The "spot" queues (defq-spot and tiny-spot) should be used if possible since they are signficantly less expensive than on-demand nodes. With spot instances there is a chance your job will be interruped. We have yet to test spot instances with our snakemake workflows. (see Working with spot instances)

Filesystems

Several filesystems are mounted on the head node and compute nodes.

The /efs filesystem is an "elastic file system" that automatically grows and shrinks as files are added, you pay for what you use. User home directories are located in /efs/users.

The /fsx filesystem is a high performance parallel filesystem, we currently have provisioned 9TB. Due to the performance benefits, it is recommended to have analyses use this filesystem for IO and to move inactive projects to /efs. Also (in my experience) lustre filesystems tend to be a bit unstable, so you would not want to keep files here that are difficult to obtain - there is a chance they might get lost.

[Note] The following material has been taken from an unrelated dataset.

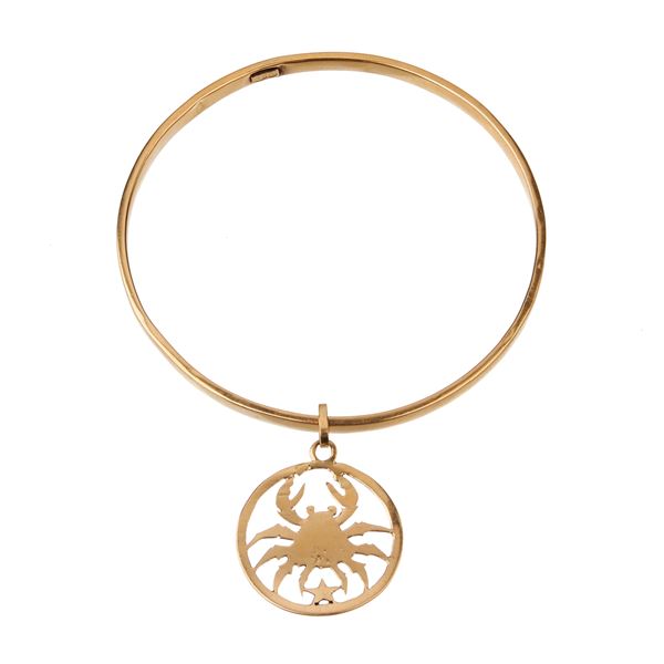 18 kt yellow gold circle bracelet with pendant made like Cancer

Finally, /local is a solid-state drive that is attached directly to each compute node and provides the fastest IO of any of the filesystems. This filesystem is not shared among nodes and should be used for temporary files. The environment variable TMPDIR is set to /local.

Initial Setup

Useful symlinks

I like to create symlinks to frequently used directories in my home directory. This is especially useful when using programs like cyberduck.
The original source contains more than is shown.